Rio is a double-CD album of solo piano improvisations by Keith Jarrett, recorded live at Teatro Municipal in Rio de Janeiro (Brazil) on April 9, 2011. It was released by ECM Records in November 2011. It is the first documented concert of Jarrett playing outside North America, Japan or Europe.

Reception 

Rio received mainly positive reviews on release. At Metacritic, which assigns a normalised rating out of 100 to reviews from mainstream critics, the album has received a score of 90, based on 8 reviews which is categorised as universal acclaim.

The Allmusic review by Thom Jurek awarded the album 4½ stars, stating, "After one listen, it becomes obvious Rio is indeed very special. It puts on aural display Jarrett as a virtually boundless musician, whose on-the-spot, wide-ranging ideas are executed with astonishing immediacy and dexterity; this music is passionate, poetic (often songlike), and stands outside the confines of genre... since nothing approaching what is here actually exists in Jarrett's recorded catalog. Rio is therefore the new standard by which the pianist's future solo recordings will be judged, and perhaps also sets the bar for any other player who attempts the same".

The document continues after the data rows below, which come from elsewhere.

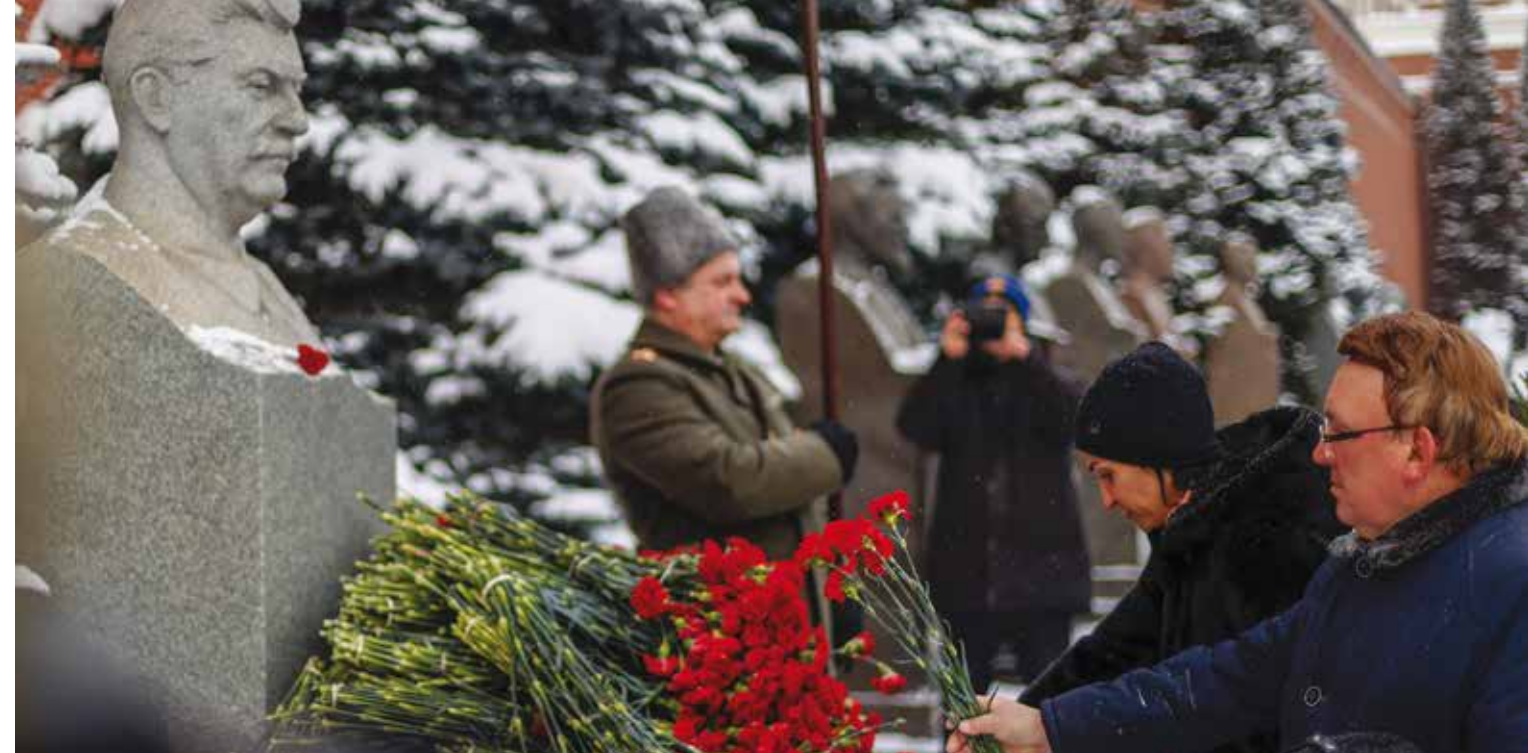
У МОГИЛЫ И. В. СТАЛИНА В 142-Ю ГОДОВЩИНУ ДНЯ ЕГО РОЖДЕНИЯ. МОСКВА, 21 ДЕКАБРЯ 2021.

Но даже если допустить, что победа была добыта ЛДПР по одной из названных причин, ни первая, ни вторая теория не объясняют еще одного принципиально важного обстоятельства. Более половины избирателей проголосовали за партии, которые условно можно назвать силами исторического реванша. К ним относилась не только ЛДПР, но и компартия во главе с Зюгановым, получившая 12 % голосов, ее сельскохозяйственный придаток — Аграрная партия — с 8 % и набравшие столько же неожиданно обретшие политический голос и вес «Женщины России» во главе с многолетней руководителем пионерской организации Алевтиной Федуловой. К ним необходимо добавить маргинальные, но все же прошедшие в Госдуму партии, в руководство которых входили деятели откровенно национал-имперского толка: Константин Затулин, Станислав Говорухин, Сергей Шахрай и некоторые другие. В целом же парламентские выборы 1993 года продемонстрировали широкое распространение реваншистских, проимперских настроений и взглядов в российском обществе. Впоследствии именно
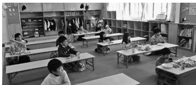
(進級を祝う会 令和6年3月)
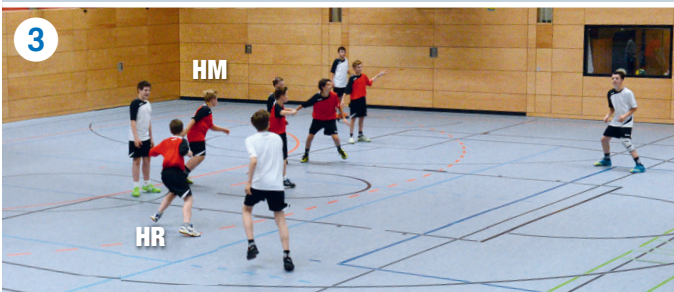
Rückpass zu RR: HM muss wieder zum rechten Kreisspieler sprinten, HR läuft zurück und übernimmt den linken Kreisspieler.
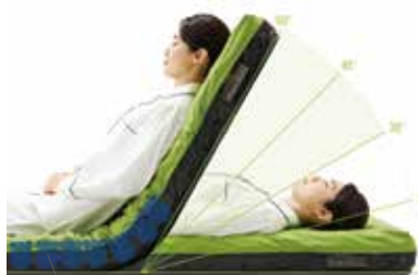
底つき防止 エアセルが体重をしっかり支え、底つきのリスクを防ぎます。
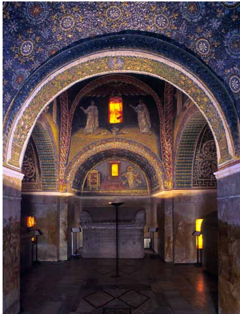
Mauzolej Gale Placidije, unutrašnjost

koje prikazuju šesnaest proroka: četiri veća i dvanaest manjih proroka. S ovim se ravenskim zdanjem po savršenstvu mozaika i strukturnoj očuvanosti ne može uporediti nijedna druga ranokršćanska krstionica. Mozaici su podijeljeni u tri trake. U centralnom je polju prikazano Kristovo krštenje u rijeci Jordan, druga traka prikazuje dvije povorke apostola s Petrom i Pavlom na čelu, a na trećoj su prikazani etimasia (prazno prijestolje koje očekuje Kristov drugi dolazak) i prazna sjedišta smještena unutar arhitekture vrta, koja simbolizira nebeski raj, mjesto koje očekuje duše u vječnom životu.
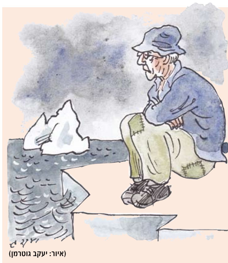
(איור: יעקב גוטמן)
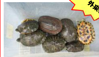
ミシシippアカミミガメ
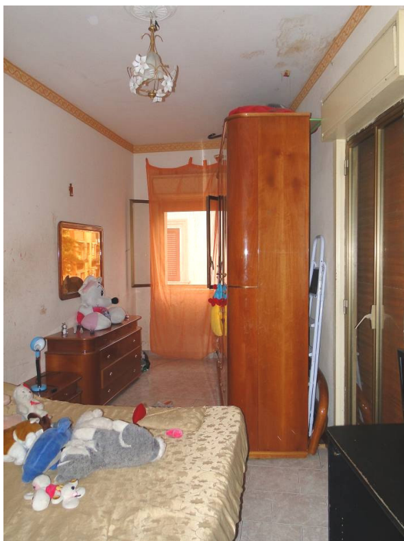
Camera da letto.
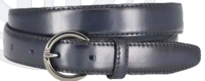
40 marine / navy
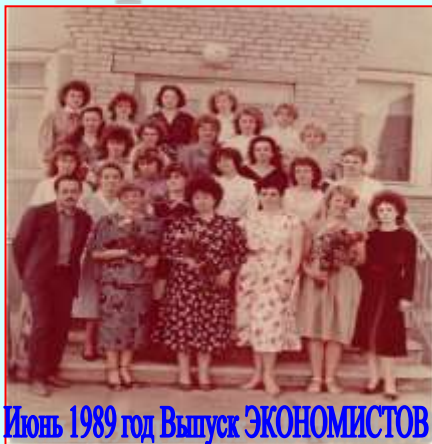
Июнь 1989 год Выпуск ЭКОНОМИСТОВ
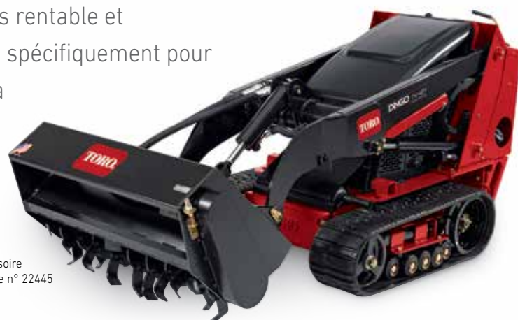
Accessoire Modèle n° 22445

Le large éventail d'accessoires rend le Dingo® plus rentable et économique qu'un équipement spécialisé. Conçus spécifiquement pour le Dingo, ces accessoires Toro® d'origine offrent la meilleure assurance d'une longue durée de vie et de performances optimales.
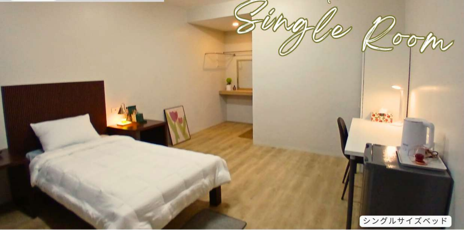
シングルサイズベッド
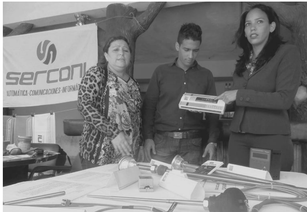
Los jóvenes ingenieros y técnicos destacan en las producciones de la empresa Serconi, del Grupo Empresarial del Níquel en Moa.

Con un colectivo en el que predominan los ingenieros y técnicos graduados en el Instituto Minero Metalúrgico, Serconi contribuye, además, con la automatización en los hornos de reducción de la empresa niquelífera Ernesto Che Guevara.
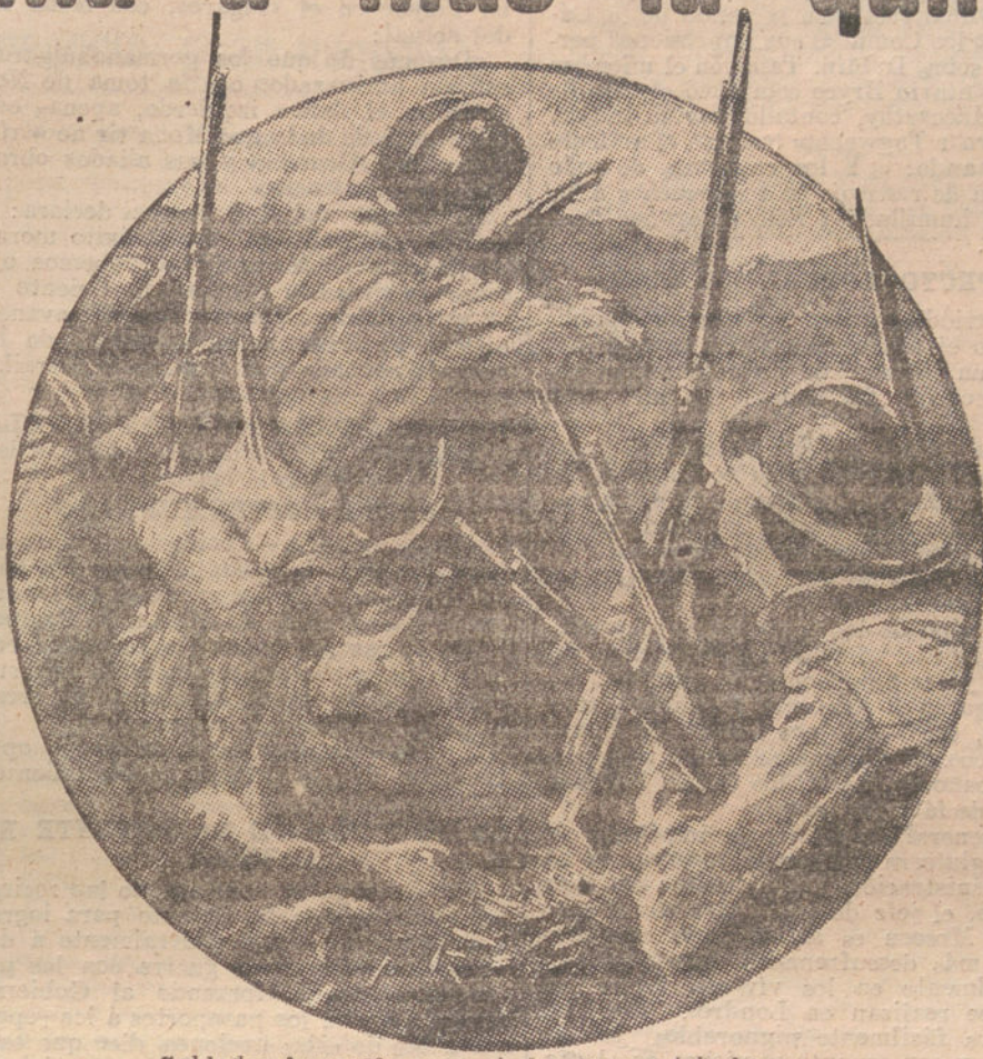
Soldados franceses parapetados en una trinchera

NO OBSTANTE LA OPOSICION DEL GOBIERNO GRIEGO, LOS FRANCESES EXPULSAN DE ATENAS A LOS REPRESENTANTES DIPLOMATICOS DE LOS IMPERIOS CENTRALES. — LOS ESTUDIANTES PATRIOTAS TIROTEAN A LOS VENIZELISTAS EN LA UNIVERSIDAD DE ATENAS
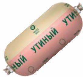
Утиный паштет охл. оболочка, 180 г
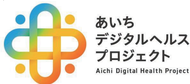
図表2-1-3-6 あいちデジタルヘルスプロジェクト
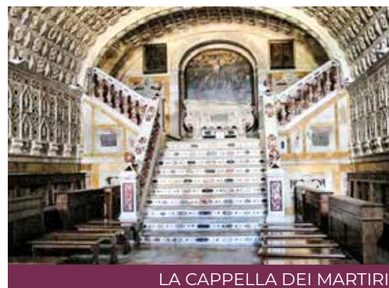
LA CAPPELLA DEI MARTIRI
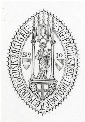
Siegel der Theologischen Fakultät

Ein Siegel der Theologischen Fakultät ist schon seit dem 15. Jahrhundert belegt und stellte in verschiedenen Versionen den heiligen Paulus dar. Das heute gebräuchliche Siegel aus dem Jahr 1910 stellt den Heiligen Johannes dar, der von Beginn an schon zweiter Patron der Fakultät war.
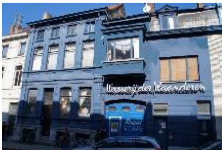
Voorgevel Toekomststraat bestaand
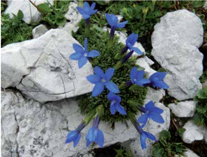
Gentiana terglouensis – Altopiano della Rosetta
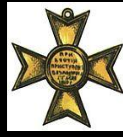
Крест за Базарджик
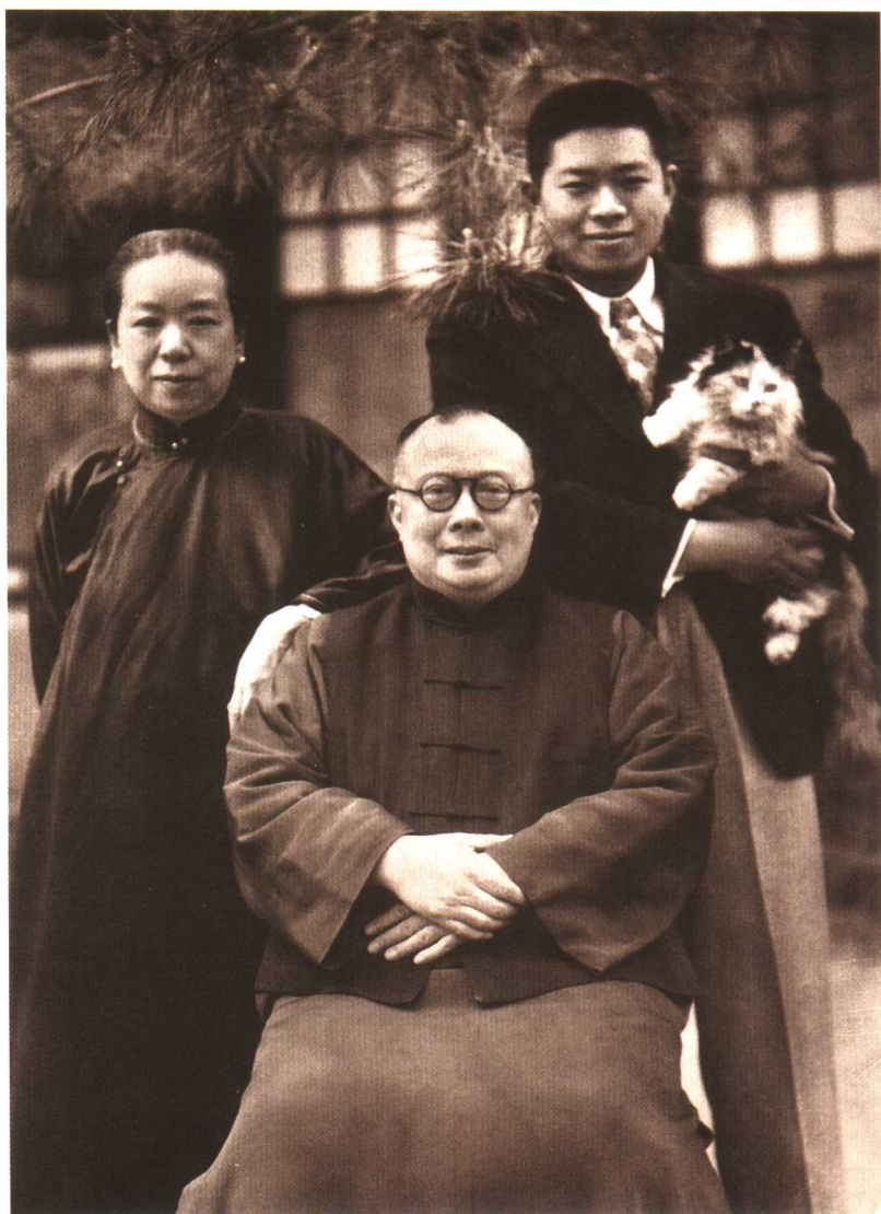
少年王世襄与父母合影
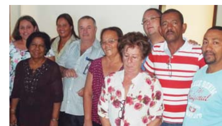
GUARIBA - Mais uma vitória da Federação; ao lado, BEBEDOURO em festa
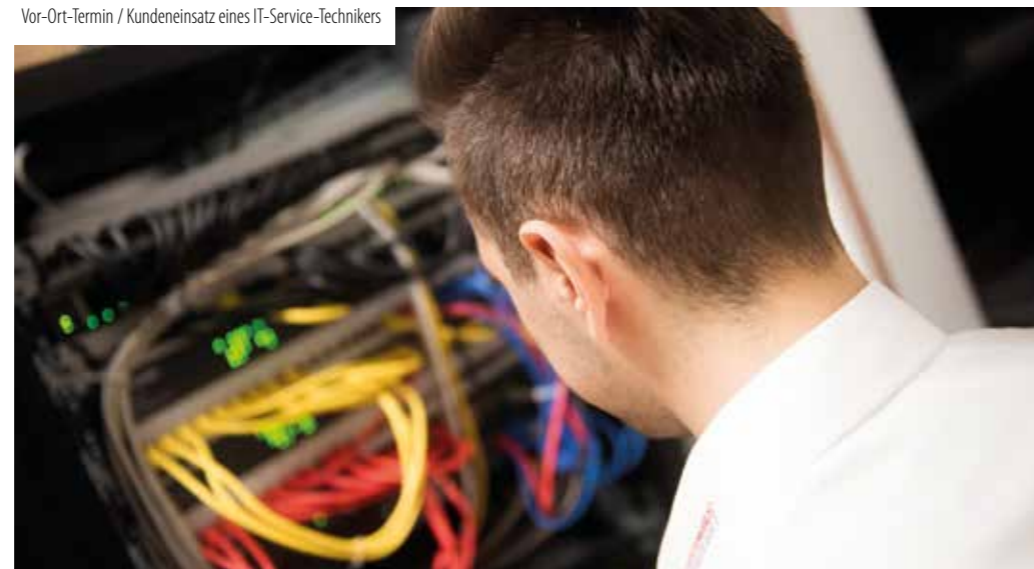
Vor-Ort-Termin / Kundeneinsatz eines IT-Service-Technikers

The Guardian's John Fordham said, "Rio represents Jarrett at his most exuberant'. On PopMatters, Will Layman noted, "Rio is the most brilliant Jarrett solo recording in recent memory. Rather than improvising in a longer, more rambling form, Jarrett works here in shorter statements, each focused and concise. In 15 very different miniatures, Rio demonstrates the pianist's astonishing facility for generating not only grooves or settings but also developing webs of melody and counter-melody. From free playing to blues to gospel to aching ballads, Jarrett covers a vast landscape of piano.".

The Independent's Andy Gill said, "these 15 pieces sketch an entire world of music, coloured by the locale, and shifting between the smoothly lyrical and the propulsively rhythmic, with Jarrett's familiar, pulsing left-hand figures providing a stolid foundation anchoring the serpentine runs of his right hand".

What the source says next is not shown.